___ Data
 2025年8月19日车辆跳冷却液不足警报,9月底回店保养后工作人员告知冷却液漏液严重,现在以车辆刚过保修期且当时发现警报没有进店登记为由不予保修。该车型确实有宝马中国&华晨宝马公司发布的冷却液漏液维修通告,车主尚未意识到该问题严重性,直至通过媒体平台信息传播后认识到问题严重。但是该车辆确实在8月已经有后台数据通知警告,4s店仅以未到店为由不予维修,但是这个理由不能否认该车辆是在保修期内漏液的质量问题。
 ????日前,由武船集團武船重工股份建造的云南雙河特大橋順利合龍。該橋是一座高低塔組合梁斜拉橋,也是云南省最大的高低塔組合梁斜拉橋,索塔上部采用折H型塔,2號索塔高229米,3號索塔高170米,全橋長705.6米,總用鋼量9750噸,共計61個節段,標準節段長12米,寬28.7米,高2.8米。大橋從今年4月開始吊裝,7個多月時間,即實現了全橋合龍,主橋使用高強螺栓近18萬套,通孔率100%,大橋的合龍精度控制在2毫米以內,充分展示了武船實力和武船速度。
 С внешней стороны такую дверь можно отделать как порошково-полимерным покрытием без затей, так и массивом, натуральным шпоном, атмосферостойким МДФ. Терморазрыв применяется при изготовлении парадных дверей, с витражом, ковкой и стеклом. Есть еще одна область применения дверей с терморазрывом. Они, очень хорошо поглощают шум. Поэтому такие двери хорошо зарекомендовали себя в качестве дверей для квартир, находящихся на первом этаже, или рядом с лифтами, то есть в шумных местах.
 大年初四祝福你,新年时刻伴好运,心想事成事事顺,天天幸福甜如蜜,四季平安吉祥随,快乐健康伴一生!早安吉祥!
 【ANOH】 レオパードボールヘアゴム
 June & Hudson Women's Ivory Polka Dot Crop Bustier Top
______
___ Data
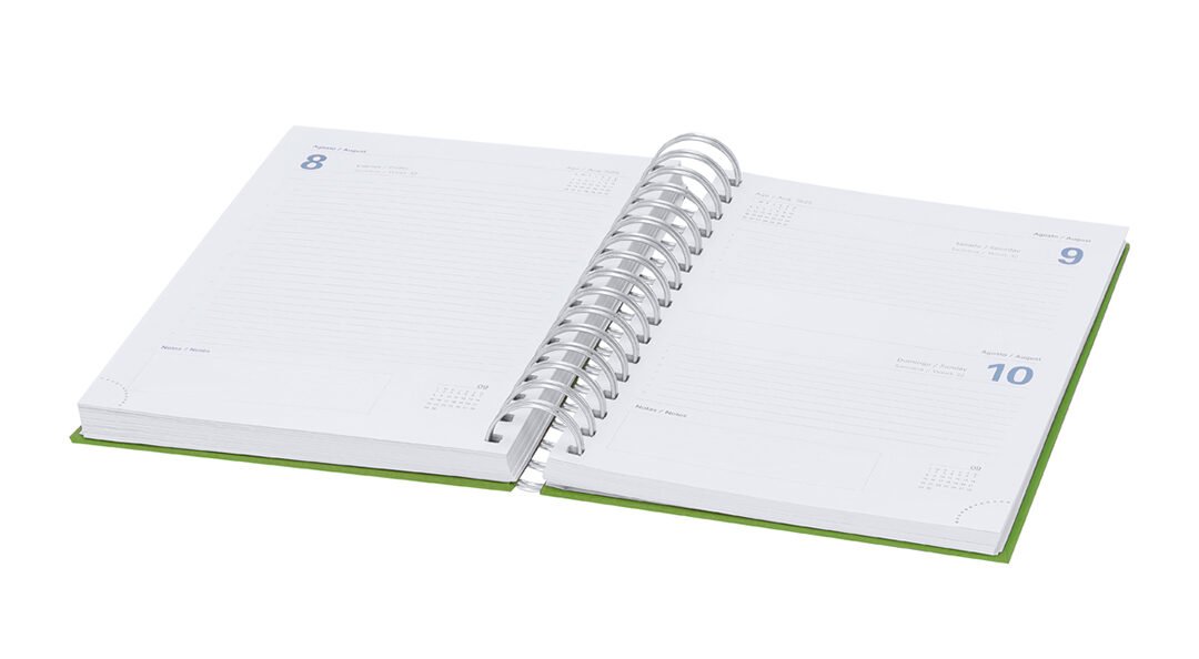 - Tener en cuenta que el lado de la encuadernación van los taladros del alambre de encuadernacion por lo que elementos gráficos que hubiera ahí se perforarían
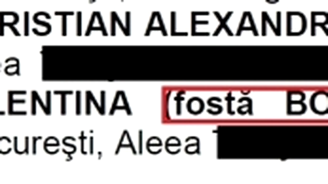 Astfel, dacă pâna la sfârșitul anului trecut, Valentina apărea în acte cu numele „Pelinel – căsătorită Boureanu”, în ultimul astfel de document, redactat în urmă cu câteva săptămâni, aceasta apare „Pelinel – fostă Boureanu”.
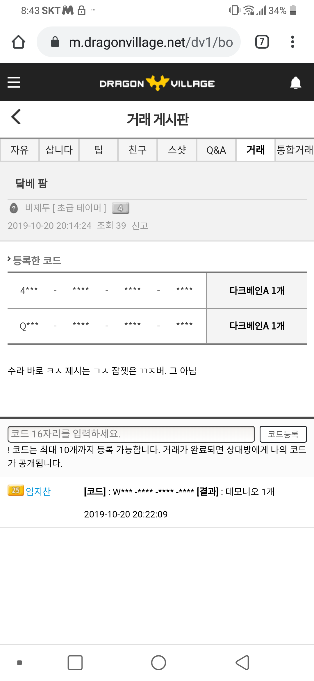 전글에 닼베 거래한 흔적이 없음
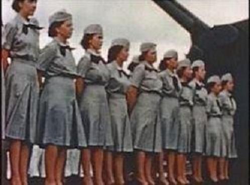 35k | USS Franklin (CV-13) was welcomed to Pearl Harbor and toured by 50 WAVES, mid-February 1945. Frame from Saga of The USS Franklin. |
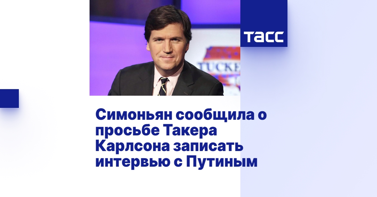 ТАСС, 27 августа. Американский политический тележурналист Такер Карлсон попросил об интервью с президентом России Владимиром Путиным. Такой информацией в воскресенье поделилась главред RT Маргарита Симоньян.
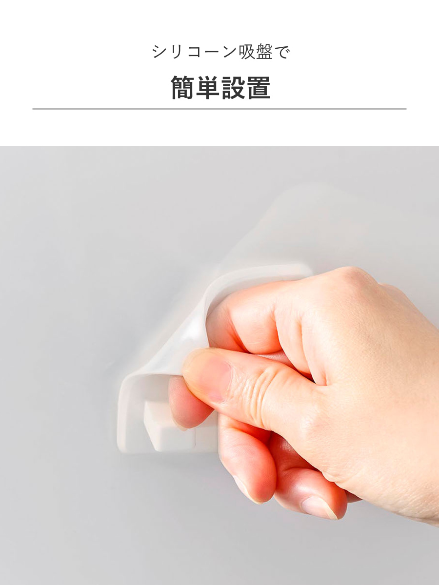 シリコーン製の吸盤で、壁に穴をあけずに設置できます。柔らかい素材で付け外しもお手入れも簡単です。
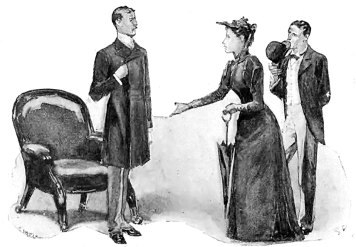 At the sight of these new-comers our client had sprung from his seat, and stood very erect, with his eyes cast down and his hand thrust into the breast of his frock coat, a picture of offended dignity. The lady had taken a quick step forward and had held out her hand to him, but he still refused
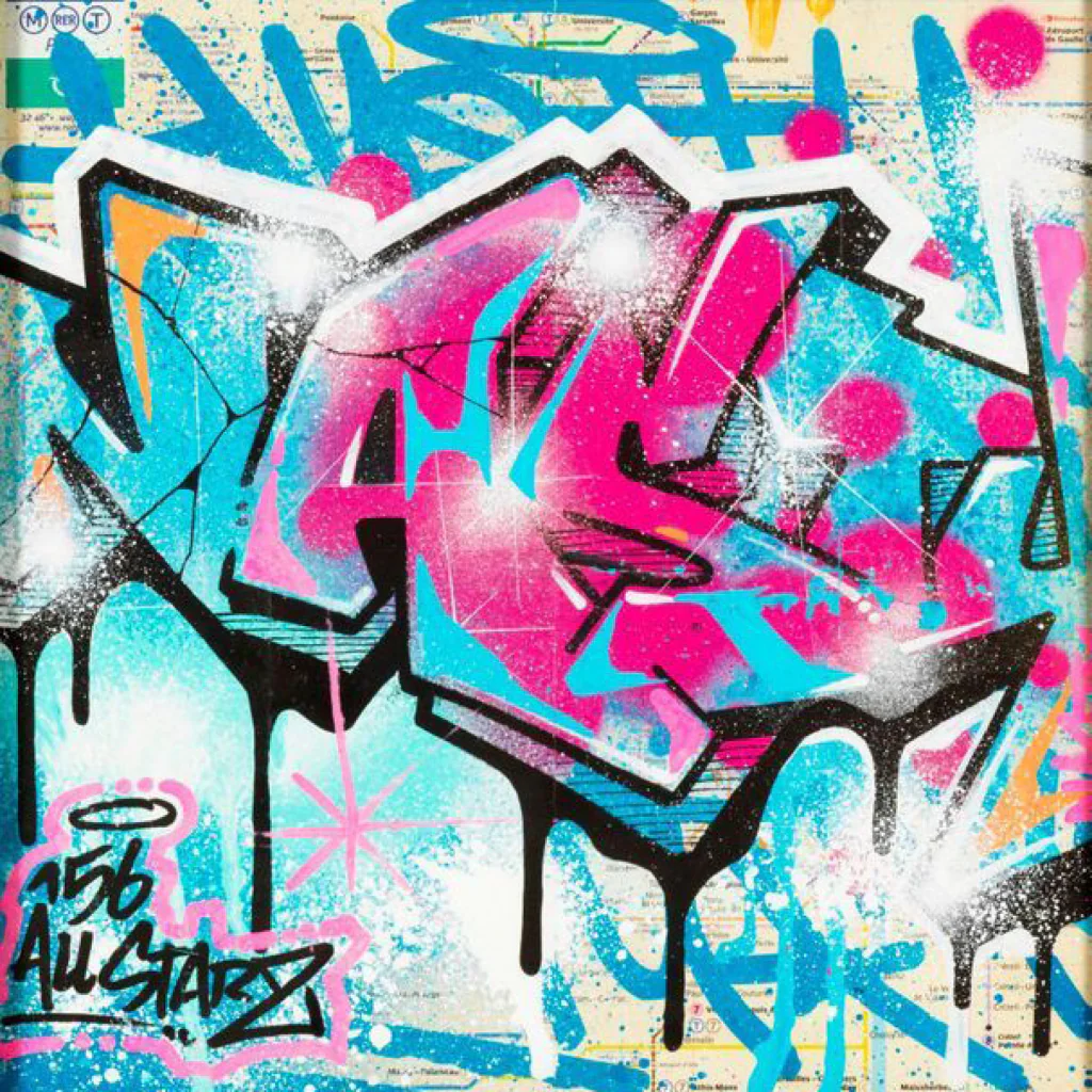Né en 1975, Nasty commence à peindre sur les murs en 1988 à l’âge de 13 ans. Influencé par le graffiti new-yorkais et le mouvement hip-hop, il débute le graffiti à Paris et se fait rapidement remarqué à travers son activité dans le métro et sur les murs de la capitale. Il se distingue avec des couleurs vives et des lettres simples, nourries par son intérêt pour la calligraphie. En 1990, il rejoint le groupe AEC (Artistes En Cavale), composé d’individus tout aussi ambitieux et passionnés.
______
* Task description *
The lines above starting at the one that holds "ТАСС, 27 августа." and ending at the one that holds "シリコーン製の吸盤で、壁に穴" are to be written out exactly, ends included, and no pictures are to be copied.

* Your response *
 ТАСС, 27 августа. Американский политический тележурналист Такер Карлсон попросил об интервью с президентом России Владимиром Путиным. Такой информацией в воскресенье поделилась главред RT Маргарита Симоньян.
 シリコーン製の吸盤で、壁に穴をあけずに設置できます。柔らかい素材で付け外しもお手入れも簡単です。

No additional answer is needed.